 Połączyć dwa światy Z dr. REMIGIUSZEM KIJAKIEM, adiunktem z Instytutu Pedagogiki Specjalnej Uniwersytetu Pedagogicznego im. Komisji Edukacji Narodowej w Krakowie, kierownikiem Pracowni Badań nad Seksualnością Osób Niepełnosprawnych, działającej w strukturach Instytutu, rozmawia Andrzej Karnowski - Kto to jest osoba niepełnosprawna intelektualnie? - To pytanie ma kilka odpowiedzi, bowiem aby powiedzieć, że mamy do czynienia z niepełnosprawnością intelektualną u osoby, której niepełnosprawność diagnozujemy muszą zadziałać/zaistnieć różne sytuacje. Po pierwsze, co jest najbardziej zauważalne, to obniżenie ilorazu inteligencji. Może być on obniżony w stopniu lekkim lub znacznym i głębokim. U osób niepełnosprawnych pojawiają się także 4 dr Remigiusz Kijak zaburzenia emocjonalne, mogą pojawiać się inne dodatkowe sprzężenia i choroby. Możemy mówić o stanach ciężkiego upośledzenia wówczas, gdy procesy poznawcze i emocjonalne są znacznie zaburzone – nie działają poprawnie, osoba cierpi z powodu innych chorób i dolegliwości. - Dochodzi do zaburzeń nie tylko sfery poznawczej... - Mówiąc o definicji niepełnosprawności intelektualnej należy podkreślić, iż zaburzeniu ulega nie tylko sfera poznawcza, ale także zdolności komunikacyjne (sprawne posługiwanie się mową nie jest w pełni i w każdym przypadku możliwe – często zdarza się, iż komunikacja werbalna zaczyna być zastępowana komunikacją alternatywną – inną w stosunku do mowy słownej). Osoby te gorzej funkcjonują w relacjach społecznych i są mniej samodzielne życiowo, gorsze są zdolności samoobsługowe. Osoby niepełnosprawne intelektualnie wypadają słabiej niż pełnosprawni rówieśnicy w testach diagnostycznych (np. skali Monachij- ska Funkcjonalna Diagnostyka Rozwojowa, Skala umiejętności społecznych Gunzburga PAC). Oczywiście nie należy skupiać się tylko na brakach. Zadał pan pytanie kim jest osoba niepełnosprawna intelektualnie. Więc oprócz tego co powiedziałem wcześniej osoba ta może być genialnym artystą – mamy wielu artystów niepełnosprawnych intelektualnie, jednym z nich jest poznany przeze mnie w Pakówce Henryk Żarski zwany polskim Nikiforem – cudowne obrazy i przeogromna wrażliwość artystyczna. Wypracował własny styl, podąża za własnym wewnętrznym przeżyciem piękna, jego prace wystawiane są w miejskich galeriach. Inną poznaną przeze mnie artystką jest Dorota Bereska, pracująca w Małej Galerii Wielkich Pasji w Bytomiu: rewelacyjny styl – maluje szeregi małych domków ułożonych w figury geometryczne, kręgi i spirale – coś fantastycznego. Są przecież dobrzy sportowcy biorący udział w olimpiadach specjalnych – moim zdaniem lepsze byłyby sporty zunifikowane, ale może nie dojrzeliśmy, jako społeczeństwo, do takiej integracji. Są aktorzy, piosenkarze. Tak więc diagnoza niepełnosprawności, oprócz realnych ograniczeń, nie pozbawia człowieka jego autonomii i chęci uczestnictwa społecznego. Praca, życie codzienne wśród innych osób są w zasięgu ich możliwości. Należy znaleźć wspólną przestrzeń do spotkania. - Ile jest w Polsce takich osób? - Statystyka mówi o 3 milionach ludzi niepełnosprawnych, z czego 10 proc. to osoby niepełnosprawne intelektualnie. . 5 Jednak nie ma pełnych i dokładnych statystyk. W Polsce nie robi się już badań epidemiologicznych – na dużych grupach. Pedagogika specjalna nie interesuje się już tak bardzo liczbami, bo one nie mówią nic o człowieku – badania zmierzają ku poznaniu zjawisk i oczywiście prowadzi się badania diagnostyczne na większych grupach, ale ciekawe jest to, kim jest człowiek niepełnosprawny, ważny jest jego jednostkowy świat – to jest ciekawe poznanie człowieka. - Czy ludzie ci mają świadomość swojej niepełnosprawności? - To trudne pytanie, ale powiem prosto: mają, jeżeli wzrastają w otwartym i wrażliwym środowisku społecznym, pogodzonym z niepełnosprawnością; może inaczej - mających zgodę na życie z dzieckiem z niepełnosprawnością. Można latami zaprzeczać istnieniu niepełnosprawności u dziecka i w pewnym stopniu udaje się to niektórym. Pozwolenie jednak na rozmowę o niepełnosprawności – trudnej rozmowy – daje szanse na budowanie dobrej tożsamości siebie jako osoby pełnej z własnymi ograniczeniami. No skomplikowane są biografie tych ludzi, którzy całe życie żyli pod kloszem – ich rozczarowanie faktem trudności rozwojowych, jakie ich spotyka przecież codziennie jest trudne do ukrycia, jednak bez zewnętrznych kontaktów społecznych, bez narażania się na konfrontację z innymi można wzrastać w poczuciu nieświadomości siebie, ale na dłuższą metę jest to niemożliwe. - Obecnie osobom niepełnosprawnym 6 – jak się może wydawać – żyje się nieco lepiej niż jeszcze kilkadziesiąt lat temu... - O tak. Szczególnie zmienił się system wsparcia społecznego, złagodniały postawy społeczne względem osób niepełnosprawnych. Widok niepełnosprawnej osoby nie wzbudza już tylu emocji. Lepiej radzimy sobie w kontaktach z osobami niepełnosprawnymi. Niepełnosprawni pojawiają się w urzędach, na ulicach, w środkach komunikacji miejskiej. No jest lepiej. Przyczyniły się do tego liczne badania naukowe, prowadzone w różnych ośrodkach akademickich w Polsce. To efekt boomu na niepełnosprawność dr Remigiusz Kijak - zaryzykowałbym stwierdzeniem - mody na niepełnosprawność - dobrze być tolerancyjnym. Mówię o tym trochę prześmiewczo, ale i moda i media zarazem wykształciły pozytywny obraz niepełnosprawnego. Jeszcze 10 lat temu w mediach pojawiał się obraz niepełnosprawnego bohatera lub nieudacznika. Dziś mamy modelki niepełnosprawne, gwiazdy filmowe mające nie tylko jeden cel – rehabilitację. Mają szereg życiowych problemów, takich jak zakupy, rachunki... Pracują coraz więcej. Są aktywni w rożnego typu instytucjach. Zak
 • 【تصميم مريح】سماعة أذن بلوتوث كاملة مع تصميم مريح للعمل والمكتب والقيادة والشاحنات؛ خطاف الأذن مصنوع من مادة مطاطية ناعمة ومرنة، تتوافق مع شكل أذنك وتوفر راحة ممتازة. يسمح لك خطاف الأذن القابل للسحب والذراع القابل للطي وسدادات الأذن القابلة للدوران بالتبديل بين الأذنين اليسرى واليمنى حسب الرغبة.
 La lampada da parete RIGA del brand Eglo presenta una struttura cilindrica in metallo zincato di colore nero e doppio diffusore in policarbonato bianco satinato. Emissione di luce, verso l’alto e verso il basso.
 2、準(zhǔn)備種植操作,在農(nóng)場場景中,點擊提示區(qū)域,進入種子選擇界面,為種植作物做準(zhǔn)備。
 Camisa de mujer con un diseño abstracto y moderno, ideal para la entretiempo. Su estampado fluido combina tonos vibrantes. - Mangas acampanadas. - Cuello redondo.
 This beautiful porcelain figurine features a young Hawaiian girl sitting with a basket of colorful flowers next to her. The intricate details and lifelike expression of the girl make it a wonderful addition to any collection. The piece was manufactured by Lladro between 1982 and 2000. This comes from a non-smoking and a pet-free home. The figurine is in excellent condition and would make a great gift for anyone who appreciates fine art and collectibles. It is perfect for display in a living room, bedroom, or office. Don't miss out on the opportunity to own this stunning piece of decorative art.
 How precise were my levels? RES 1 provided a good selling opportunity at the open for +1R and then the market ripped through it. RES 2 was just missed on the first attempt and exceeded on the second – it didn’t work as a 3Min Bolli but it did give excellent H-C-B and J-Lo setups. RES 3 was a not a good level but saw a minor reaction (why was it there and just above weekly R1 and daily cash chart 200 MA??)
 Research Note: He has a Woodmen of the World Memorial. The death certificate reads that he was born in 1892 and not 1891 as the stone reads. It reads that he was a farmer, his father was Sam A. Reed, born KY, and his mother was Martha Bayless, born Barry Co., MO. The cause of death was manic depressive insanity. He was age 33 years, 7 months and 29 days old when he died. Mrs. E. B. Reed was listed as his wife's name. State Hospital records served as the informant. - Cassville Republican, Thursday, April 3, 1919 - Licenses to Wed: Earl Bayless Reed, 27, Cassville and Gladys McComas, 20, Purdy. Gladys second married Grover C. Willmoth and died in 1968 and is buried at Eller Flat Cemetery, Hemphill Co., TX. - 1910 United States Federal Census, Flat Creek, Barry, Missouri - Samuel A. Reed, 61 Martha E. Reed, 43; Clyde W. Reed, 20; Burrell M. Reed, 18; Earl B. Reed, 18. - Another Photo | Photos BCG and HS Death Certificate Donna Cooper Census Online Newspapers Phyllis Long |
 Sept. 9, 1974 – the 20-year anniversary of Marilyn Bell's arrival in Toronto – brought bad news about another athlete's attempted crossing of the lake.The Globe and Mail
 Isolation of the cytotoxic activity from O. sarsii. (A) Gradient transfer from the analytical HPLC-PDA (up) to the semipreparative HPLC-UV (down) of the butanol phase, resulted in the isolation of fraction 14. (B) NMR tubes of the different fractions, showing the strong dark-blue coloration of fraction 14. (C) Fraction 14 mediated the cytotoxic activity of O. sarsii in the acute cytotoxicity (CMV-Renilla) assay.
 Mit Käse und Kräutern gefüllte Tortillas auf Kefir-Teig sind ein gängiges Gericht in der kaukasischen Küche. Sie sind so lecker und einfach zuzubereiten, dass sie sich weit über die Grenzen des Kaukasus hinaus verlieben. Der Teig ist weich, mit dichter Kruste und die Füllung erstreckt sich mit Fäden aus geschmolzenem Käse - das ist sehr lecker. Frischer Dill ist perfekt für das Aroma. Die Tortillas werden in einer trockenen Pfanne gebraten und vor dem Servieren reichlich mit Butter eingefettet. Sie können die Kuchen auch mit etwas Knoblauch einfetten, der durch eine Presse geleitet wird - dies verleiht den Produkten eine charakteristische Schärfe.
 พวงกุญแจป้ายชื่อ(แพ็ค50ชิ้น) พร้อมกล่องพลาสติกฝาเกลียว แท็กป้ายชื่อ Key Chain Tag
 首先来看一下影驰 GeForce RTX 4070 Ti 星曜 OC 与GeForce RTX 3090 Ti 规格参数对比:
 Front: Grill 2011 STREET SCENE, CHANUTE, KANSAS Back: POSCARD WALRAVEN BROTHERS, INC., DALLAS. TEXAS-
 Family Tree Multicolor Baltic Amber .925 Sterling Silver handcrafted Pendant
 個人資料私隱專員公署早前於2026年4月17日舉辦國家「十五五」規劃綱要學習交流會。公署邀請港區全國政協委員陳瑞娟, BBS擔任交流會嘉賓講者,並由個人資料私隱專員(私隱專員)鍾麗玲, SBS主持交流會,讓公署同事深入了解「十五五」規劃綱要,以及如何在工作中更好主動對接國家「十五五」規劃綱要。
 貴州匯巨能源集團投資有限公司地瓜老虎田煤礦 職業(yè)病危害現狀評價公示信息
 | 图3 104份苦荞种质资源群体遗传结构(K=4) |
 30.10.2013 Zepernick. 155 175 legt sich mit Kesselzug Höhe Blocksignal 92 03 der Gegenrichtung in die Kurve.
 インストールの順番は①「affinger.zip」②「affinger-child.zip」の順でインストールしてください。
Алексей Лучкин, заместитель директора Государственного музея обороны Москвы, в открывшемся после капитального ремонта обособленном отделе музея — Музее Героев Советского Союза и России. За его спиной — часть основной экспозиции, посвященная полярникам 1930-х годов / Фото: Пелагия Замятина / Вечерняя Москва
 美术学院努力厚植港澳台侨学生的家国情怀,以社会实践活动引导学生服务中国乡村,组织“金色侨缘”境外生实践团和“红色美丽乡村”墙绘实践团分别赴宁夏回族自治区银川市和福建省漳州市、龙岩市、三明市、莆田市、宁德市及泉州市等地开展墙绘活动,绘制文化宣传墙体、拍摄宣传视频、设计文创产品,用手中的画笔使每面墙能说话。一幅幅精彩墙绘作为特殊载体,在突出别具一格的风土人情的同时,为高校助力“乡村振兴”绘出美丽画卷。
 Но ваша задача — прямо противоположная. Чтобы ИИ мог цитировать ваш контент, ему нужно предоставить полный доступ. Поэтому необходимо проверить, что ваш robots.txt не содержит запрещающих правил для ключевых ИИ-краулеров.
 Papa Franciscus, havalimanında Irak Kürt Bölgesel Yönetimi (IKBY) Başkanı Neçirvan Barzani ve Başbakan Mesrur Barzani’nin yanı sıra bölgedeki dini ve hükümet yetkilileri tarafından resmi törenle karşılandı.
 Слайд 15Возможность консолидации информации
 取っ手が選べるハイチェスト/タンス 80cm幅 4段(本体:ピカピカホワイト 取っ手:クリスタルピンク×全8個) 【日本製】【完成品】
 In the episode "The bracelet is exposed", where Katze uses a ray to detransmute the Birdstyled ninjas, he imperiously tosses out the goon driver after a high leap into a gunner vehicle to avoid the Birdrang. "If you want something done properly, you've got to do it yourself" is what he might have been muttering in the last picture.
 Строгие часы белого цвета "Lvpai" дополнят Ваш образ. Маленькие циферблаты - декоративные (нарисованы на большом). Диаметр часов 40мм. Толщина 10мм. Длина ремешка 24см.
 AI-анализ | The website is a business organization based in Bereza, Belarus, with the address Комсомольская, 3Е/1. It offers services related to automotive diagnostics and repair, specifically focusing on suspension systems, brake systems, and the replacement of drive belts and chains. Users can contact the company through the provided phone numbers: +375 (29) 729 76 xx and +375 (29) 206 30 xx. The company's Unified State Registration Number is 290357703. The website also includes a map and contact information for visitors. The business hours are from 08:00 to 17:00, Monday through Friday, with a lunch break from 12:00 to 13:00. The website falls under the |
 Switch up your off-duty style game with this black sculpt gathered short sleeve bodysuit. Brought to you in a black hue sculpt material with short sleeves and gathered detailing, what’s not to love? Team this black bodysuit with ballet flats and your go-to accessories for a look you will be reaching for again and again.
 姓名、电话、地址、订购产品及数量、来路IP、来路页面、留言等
_____
State how many lines of the entries include the string "sich", with nothing besides the number.

2